Les nanoformulations, notamment les liposomes et les nanoparticules polymères et lipidiques, peuvent protéger les peptides de la dégradation, prolonger les demi-vies systémiques et favoriser l’administration spécifique aux tissus. Un essai de phase I sur la chlorotoxine (CLTX)-récepteur d’antigène chimérique dirigé (VOITURE) La thérapie par cellules T dans le glioblastome récurrent a démontré sa faisabilité et sa sécurité, fournissant des preuves cliniques qu’un peptide de venin de scorpion peut servir de composant de ciblage dans une plateforme thérapeutique avancée.
Conclusions
Les peptides de venin de scorpion représentent une source diversifiée de molécules bioactives ayant des applications anti-inflammatoires, analgésiques, immunomodulatrices, antivirales et potentiellement hépatiques. La revue résume l’activité expérimentale contre les voies inflammatoires, les processus associés à la douleur, les infections virales et les maladies hépatiques induites par l’alimentation dans des modèles animaux ou cellulaires.

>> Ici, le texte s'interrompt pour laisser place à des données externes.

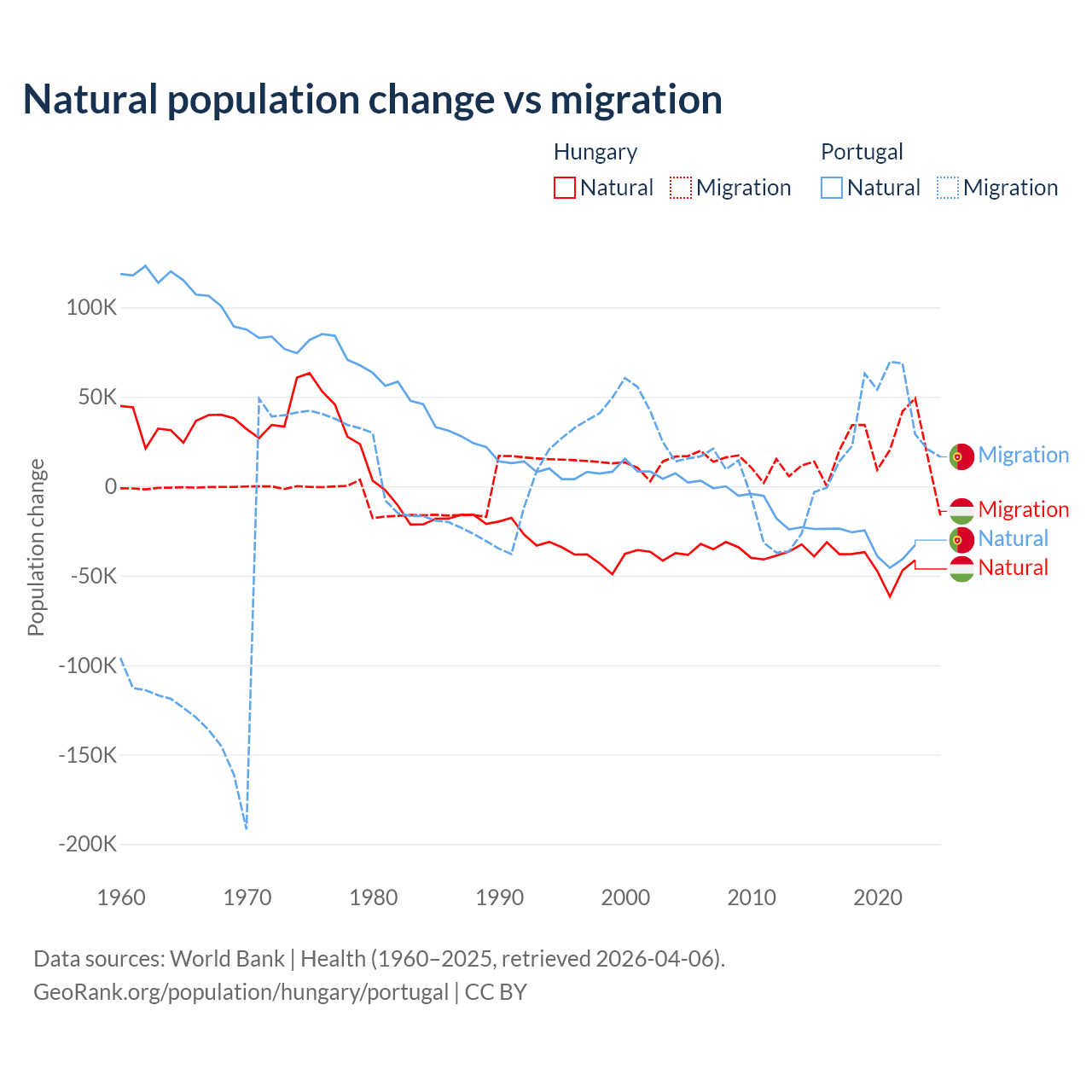 Over the last 10 years, 63.7% of the population change in Hungary is from natural causes (a loss of 412,838 people) and 36.3% is from migration (a gain of 234,837 people). In Portugal 51% is from natural causes (a loss of 302,748 people) and 49% is from migration (a gain of 290,554 people).
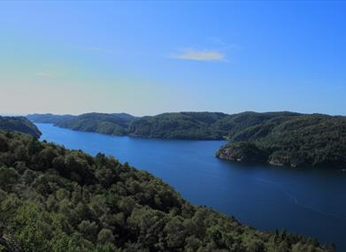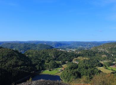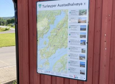 Mange flotte utsiktspunkter og fine turløyper i med god merking og skilting. Parkering og informasjonsplakater ved grendehuset i Austad.
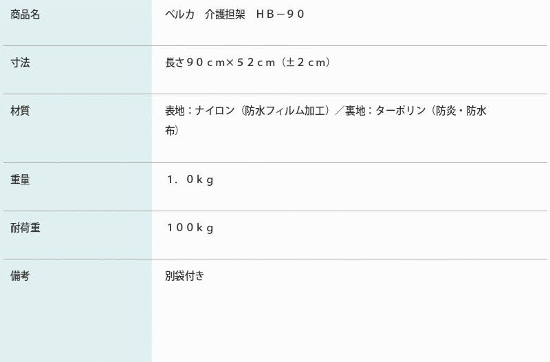 担架生地を綿100%で作った標準的なベルカです。ツイル織り(あや織り)の二重縫製の生地を使用しているので丈夫で、切れにくく安心感の高い担架です。防水、防炎性能はありません。

Un traité Buthus martensii Karsch L’extrait de glande à venin contenant BmKK2 fournit des preuves précliniques directes de l’atténuation de la NASH induite par l’alimentation chez la souris, tandis que Smp76, Ctry2459, BmKDfsin4 et Mucroporin-M1 démontrent des mécanismes antiviraux pertinents pour l’hépatite. Cependant, l’incertitude structurelle, l’instabilité enzymatique, les limitations pharmacocinétiques, l’immunogénicité, les défis de fabrication et les données limitées sur l’efficacité hépatique directe restent des obstacles.

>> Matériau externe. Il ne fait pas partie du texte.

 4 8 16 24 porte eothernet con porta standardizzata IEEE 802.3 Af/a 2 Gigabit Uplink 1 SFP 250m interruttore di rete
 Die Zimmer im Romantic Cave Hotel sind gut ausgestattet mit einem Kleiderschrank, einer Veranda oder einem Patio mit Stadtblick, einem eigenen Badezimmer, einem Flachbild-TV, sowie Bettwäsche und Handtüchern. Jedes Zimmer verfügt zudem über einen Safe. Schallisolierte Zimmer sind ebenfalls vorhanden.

L’intelligence artificielle, la nanoadministration et des modèles hépatiques rigoureux pourraient soutenir une éventuelle progression vers une évaluation clinique des candidats les plus prometteurs. Des recherches supplémentaires sont nécessaires pour clarifier les mécanismes d’action, la pharmacocinétique, la toxicité et la faisabilité clinique.